Start of Records provided

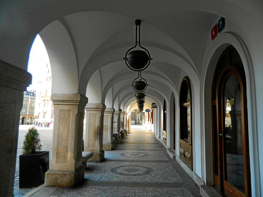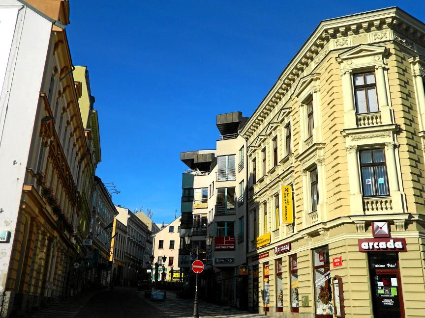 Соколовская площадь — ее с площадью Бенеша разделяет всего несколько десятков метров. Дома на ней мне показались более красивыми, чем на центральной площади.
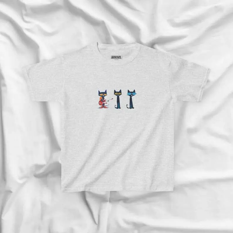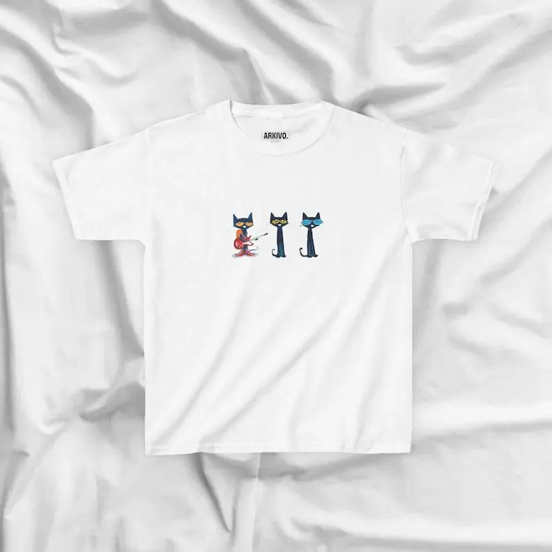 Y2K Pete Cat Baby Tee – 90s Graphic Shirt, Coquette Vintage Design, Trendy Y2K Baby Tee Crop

End of Records provided
Start of Records provided

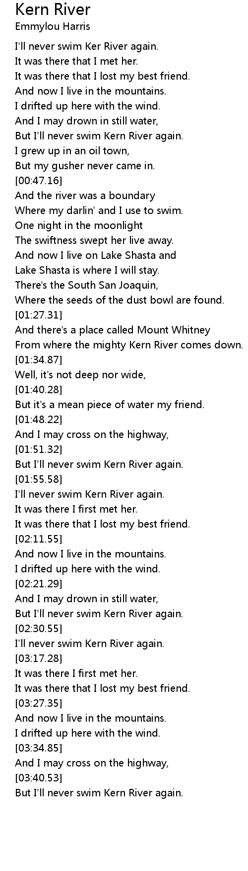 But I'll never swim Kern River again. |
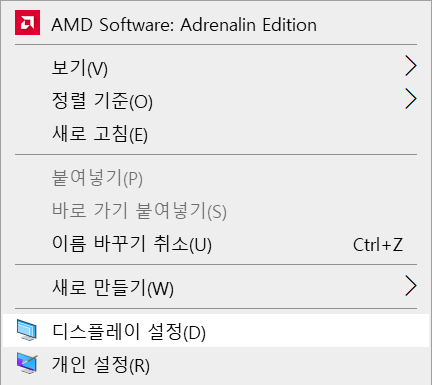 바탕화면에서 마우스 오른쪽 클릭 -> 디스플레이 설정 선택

End of Records provided

> **Exercise**
Between and including the line with "Соколовская площадь —" and the line with "Y2K Pete Cat", repeat every line exactly as it appears above, with pictures left out.

> **Completed task**
 Соколовская площадь — ее с площадью Бенеша разделяет всего несколько десятков метров. Дома на ней мне показались более красивыми, чем на центральной площади.
 Y2K Pete Cat Baby Tee – 90s Graphic Shirt, Coquette Vintage Design, Trendy Y2K Baby Tee Crop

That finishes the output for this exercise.